**SOURCE DATA**

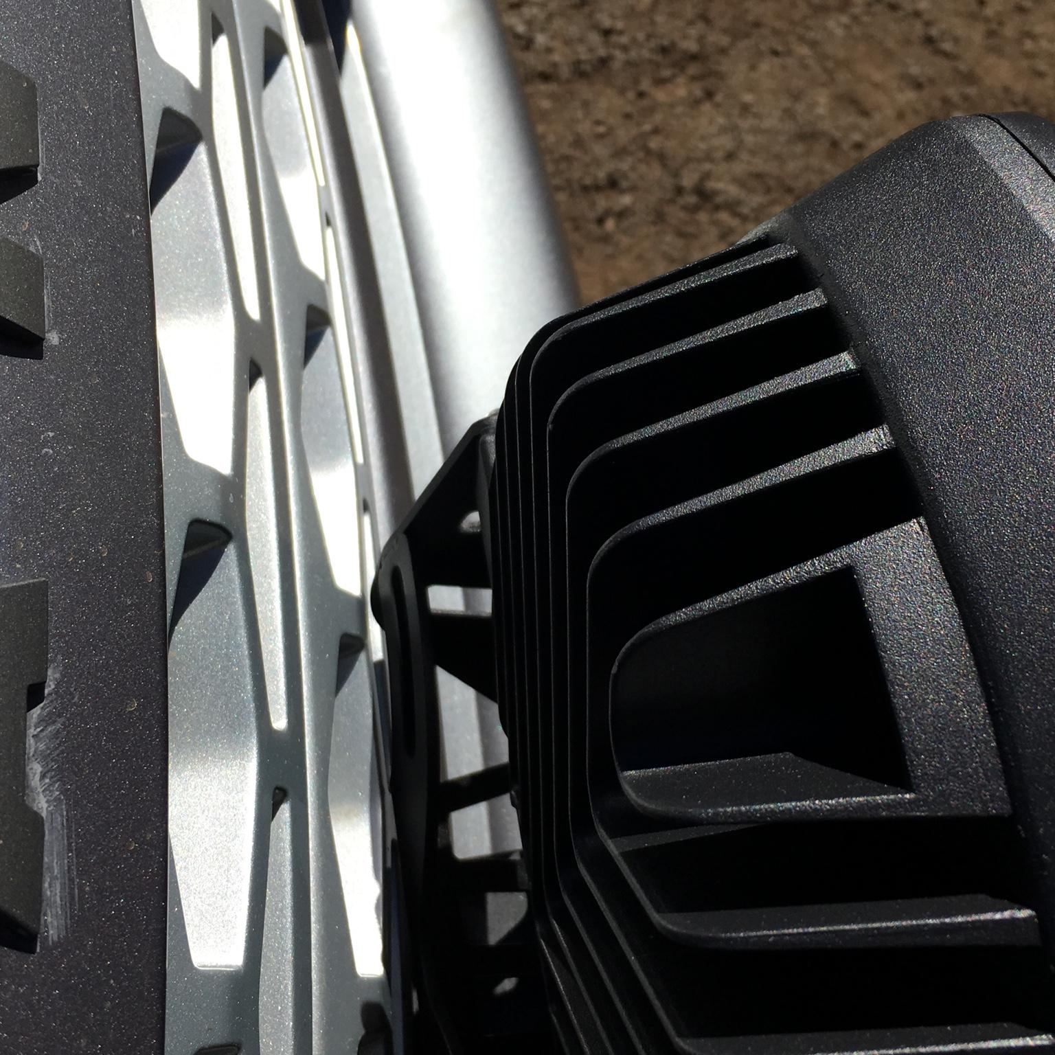 I am thinking 2 narva light stabiliser bars $16 each. From top of light (cooling fin) to angled frame in front of radiator.
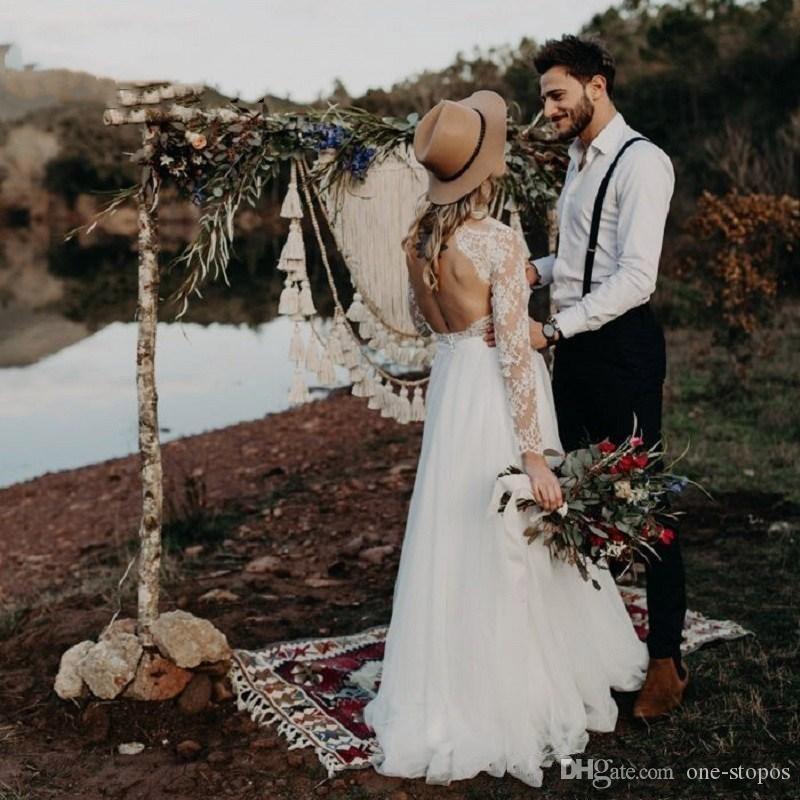 Sexy Open Back Long Sleeves Lace A-line Wedding Dresses Cheap Layers Tulle Beach Bohemian Bridal Gown
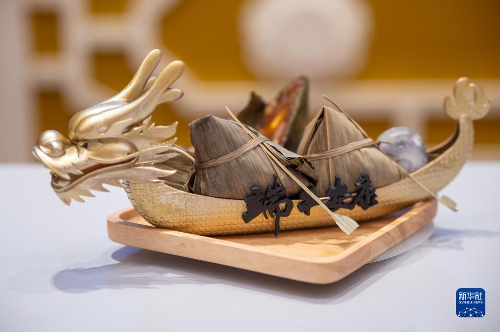 這是6月18日在馬來(lái)西亞吉隆坡的裹粽比賽現場(chǎng)拍攝的粽子。
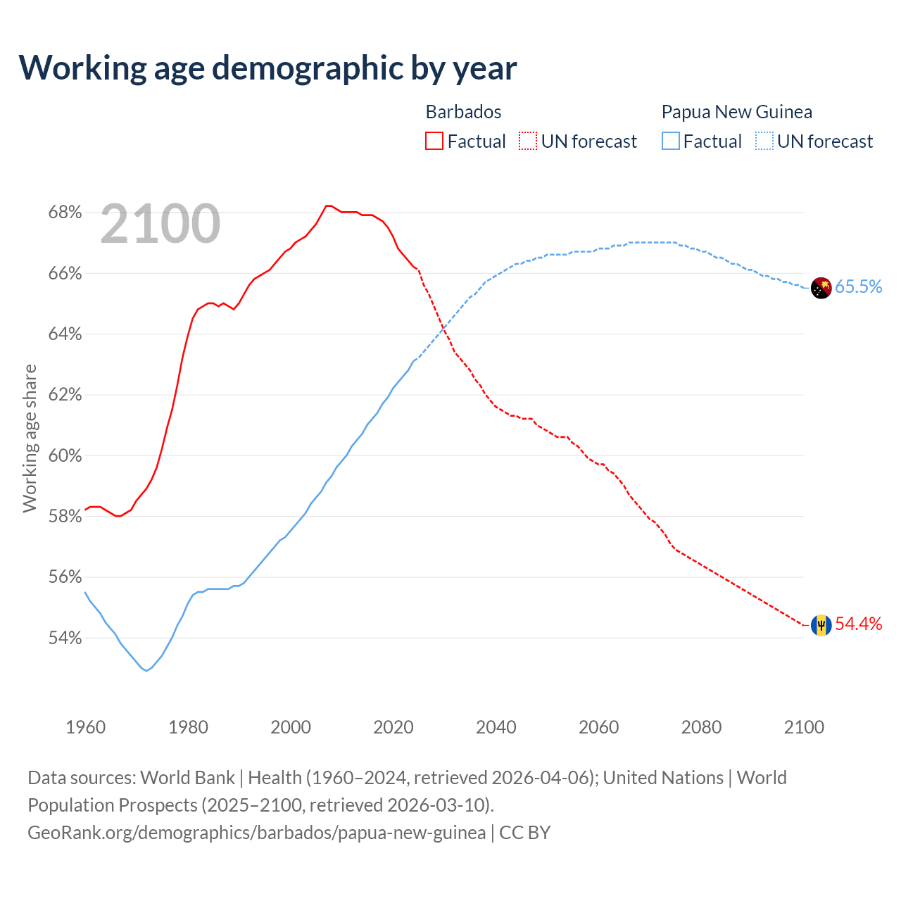 - Barbados has 187K working age adults (aged 15-64) vs 6.94M in Papua New Guinea.
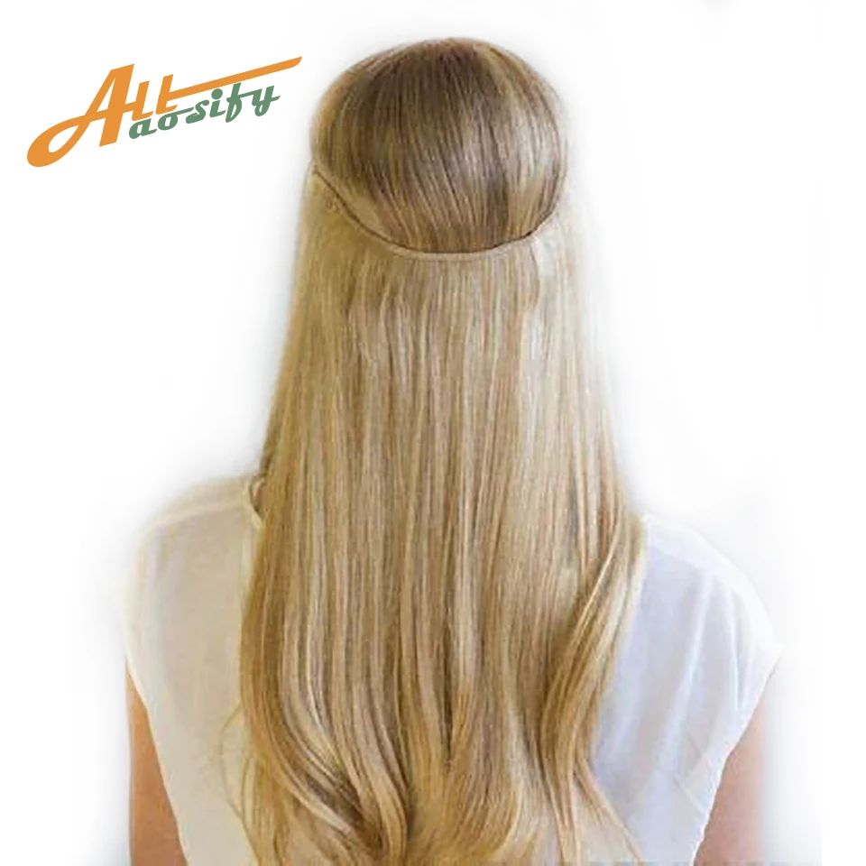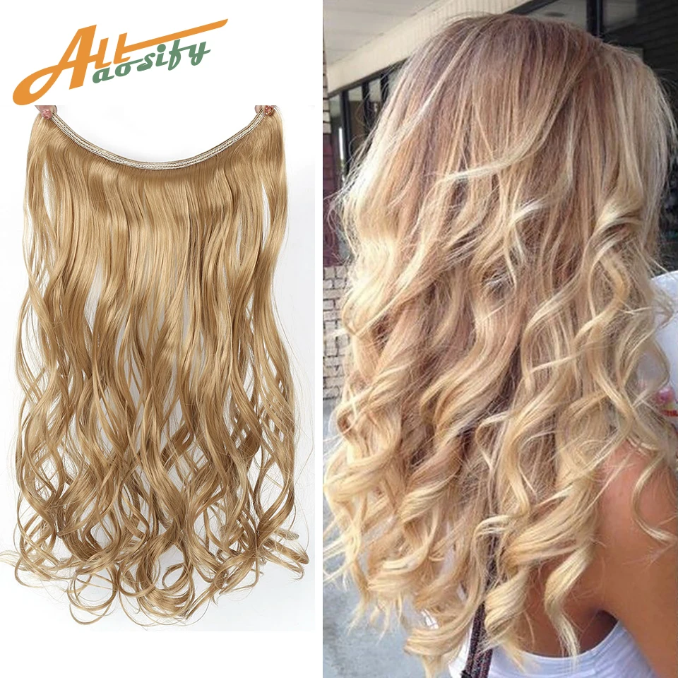 Allaosify 24 "синтетическая невидимая проволока без зажимов, секретная леска для наращивания волос, натуральные заколки для наращивания волос, Омбре
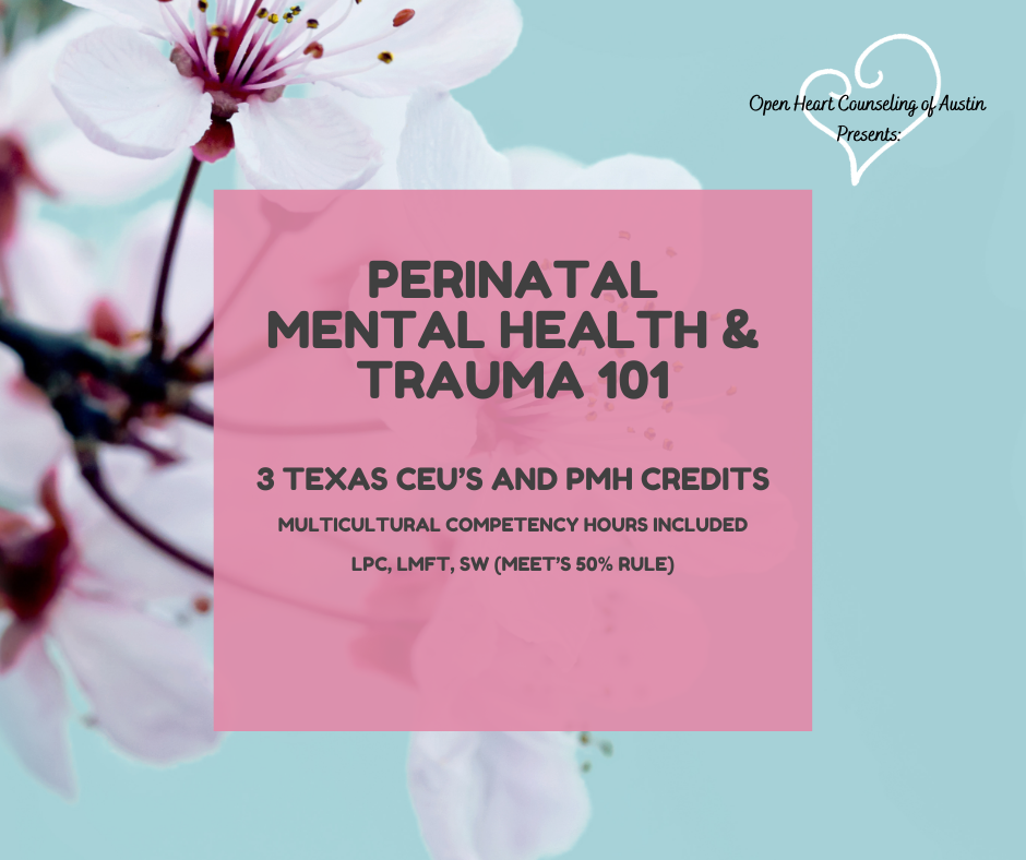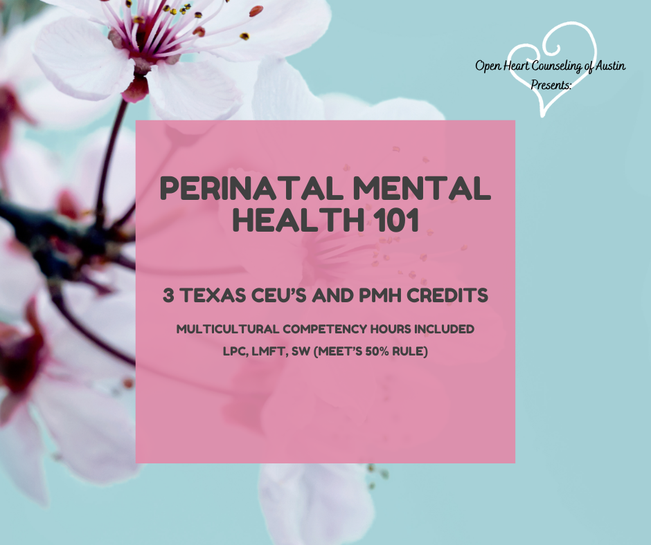 Can't decide which training to choose? Now you don't have to! Our complete Perinatal Mental Health series is available at an incredible rate! Originally a $550 value now for $350! Perinatal Mental Health credentialing approved.
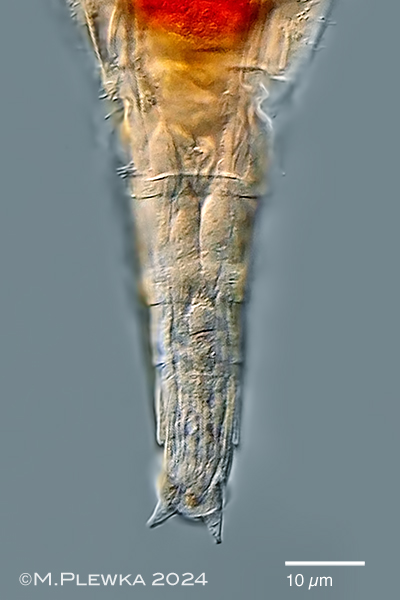 | Philodina roseola; foot (specimen from (1); dorsal view of relative short acute spurs with interspace; spur-bearing segment width (SSW): ≈9µm; spur length (SL: ≈5µm; spur base width (SBW): ≈3µm; interspace: ≈4µm. |
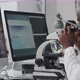 African American male engineer in lab coat examining microprocessor chip under microscope and looking at computer screens while working with electronics
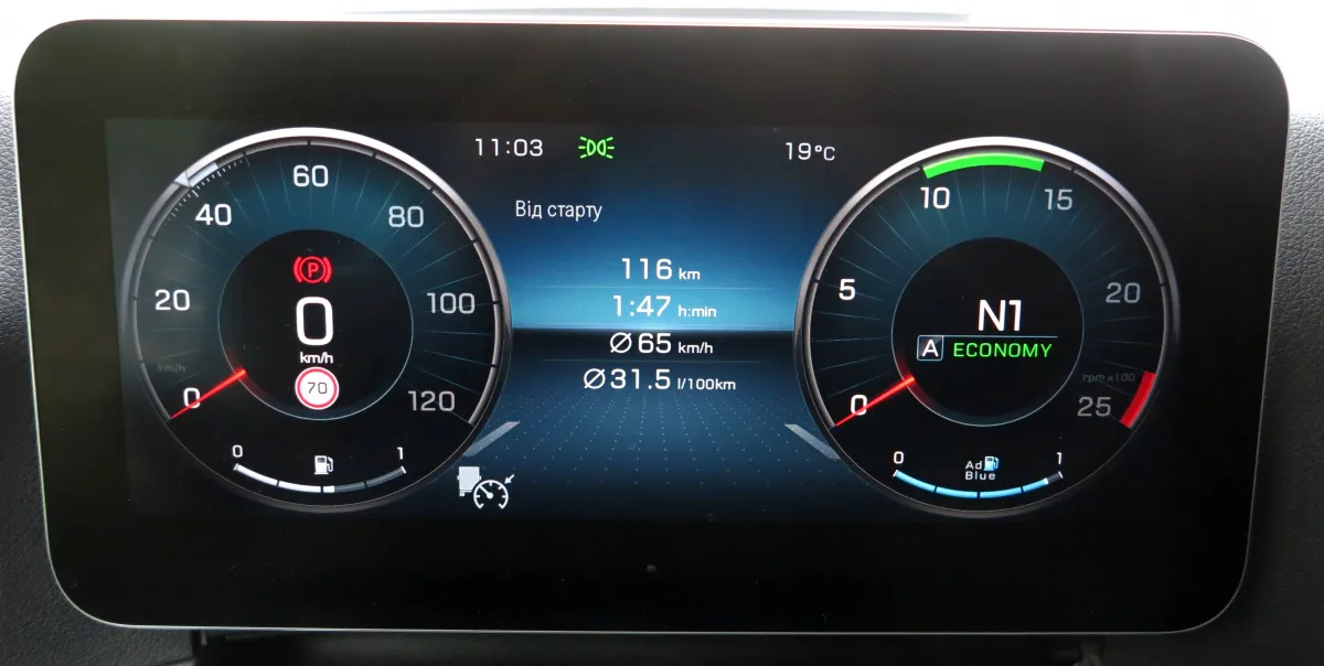 Цифровая приборная панель разделена на два экрана. Тот, что непосредственно за рулем имеет диагональ 12 дюймов, высокое разрешение и заменяет аналоговый щиток приборов. Водитель может выбрать классическую комбинацию приборов Classic – с двумя циферблатами спидометра и тахометра, или передовую Advanced – c крупным цифровым спидометром по центру и другими показателями по бокам. Мы выбрали сначала классическую комбинацию, тем более, что на презентованных осенью прошлого года машинах она еще не была активирована.

**INSTRUCTIONS FOR THE TASK**
The material above must be printed exactly, with its pictures left out.

**SOLUTION FOR THIS EXERCISE**
 I am thinking 2 narva light stabiliser bars $16 each. From top of light (cooling fin) to angled frame in front of radiator.
 Sexy Open Back Long Sleeves Lace A-line Wedding Dresses Cheap Layers Tulle Beach Bohemian Bridal Gown
 這是6月18日在馬來(lái)西亞吉隆坡的裹粽比賽現場(chǎng)拍攝的粽子。
 - Barbados has 187K working age adults (aged 15-64) vs 6.94M in Papua New Guinea.
 Allaosify 24 "синтетическая невидимая проволока без зажимов, секретная леска для наращивания волос, натуральные заколки для наращивания волос, Омбре
 Can't decide which training to choose? Now you don't have to! Our complete Perinatal Mental Health series is available at an incredible rate! Originally a $550 value now for $350! Perinatal Mental Health credentialing approved.
 | Philodina roseola; foot (specimen from (1); dorsal view of relative short acute spurs with interspace; spur-bearing segment width (SSW): ≈9µm; spur length (SL: ≈5µm; spur base width (SBW): ≈3µm; interspace: ≈4µm. |
 African American male engineer in lab coat examining microprocessor chip under microscope and looking at computer screens while working with electronics
 Цифровая приборная панель разделена на два экрана. Тот, что непосредственно за рулем имеет диагональ 12 дюймов, высокое разрешение и заменяет аналоговый щиток приборов. Водитель может выбрать классическую комбинацию приборов Classic – с двумя циферблатами спидометра и тахометра, или передовую Advanced – c крупным цифровым спидометром по центру и другими показателями по бокам. Мы выбрали сначала классическую комбинацию, тем более, что на презентованных осенью прошлого года машинах она еще не была активирована.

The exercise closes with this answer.